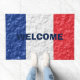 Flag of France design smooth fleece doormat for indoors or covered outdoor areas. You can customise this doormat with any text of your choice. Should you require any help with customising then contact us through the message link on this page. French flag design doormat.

* * *

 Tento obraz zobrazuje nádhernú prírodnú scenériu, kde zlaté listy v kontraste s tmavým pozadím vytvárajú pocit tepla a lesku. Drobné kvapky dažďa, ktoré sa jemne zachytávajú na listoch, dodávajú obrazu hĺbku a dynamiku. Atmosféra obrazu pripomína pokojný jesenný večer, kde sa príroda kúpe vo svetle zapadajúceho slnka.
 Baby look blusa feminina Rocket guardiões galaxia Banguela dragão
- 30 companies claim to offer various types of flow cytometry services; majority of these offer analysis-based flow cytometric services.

### EXERCISE
Beginning at the line with "Baby look blusa" and ending at the line with "- 30 companies", reproduce each line of the data above exactly, and add no other lines.

### ANSWER SECTION
 Baby look blusa feminina Rocket guardiões galaxia Banguela dragão
- 30 companies claim to offer various types of flow cytometry services; majority of these offer analysis-based flow cytometric services.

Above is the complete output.